* [What is required]:
Report every line below that has the string "this" in it.

╭─ Available data

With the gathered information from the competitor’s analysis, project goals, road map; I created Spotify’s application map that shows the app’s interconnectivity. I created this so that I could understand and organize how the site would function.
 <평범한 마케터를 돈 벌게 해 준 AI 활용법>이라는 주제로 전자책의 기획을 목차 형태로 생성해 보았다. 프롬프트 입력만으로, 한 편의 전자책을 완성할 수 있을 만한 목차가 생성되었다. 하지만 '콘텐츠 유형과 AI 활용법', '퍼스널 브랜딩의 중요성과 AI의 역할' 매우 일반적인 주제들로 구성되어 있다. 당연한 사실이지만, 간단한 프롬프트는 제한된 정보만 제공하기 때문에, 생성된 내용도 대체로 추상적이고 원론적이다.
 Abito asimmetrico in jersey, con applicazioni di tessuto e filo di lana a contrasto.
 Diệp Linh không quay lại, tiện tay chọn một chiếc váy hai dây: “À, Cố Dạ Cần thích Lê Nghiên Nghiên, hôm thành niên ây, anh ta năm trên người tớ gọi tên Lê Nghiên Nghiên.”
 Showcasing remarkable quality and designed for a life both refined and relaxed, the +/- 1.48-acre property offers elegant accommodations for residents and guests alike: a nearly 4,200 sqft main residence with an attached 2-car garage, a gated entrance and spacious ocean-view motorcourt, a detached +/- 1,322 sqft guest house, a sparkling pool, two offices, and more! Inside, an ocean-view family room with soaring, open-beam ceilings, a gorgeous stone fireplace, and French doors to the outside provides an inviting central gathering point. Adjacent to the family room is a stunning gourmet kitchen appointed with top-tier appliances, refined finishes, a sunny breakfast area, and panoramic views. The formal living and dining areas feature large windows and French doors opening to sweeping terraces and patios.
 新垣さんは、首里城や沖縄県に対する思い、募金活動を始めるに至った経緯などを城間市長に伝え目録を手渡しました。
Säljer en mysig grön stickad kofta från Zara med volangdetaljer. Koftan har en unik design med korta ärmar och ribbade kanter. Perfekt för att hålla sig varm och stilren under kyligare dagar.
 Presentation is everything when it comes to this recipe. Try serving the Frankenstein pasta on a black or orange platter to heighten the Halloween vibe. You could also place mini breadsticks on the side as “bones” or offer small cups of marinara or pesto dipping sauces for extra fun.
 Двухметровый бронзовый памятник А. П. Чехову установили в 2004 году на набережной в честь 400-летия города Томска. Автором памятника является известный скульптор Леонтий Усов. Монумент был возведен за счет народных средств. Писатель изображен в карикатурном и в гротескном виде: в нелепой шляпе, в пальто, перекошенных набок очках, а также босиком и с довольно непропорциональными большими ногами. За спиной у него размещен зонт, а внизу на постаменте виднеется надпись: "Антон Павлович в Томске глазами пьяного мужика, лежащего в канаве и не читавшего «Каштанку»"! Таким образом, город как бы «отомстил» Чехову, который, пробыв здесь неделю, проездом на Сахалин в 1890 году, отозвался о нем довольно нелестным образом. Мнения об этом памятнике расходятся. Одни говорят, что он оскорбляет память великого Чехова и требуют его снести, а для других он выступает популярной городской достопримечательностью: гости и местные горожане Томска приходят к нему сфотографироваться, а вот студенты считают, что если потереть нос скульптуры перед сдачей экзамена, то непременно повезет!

╰─

* [Reply]:
With the gathered information from the competitor’s analysis, project goals, road map; I created Spotify’s application map that shows the app’s interconnectivity. I created this so that I could understand and organize how the site would function.
 Presentation is everything when it comes to this recipe. Try serving the Frankenstein pasta on a black or orange platter to heighten the Halloween vibe. You could also place mini breadsticks on the side as “bones” or offer small cups of marinara or pesto dipping sauces for extra fun.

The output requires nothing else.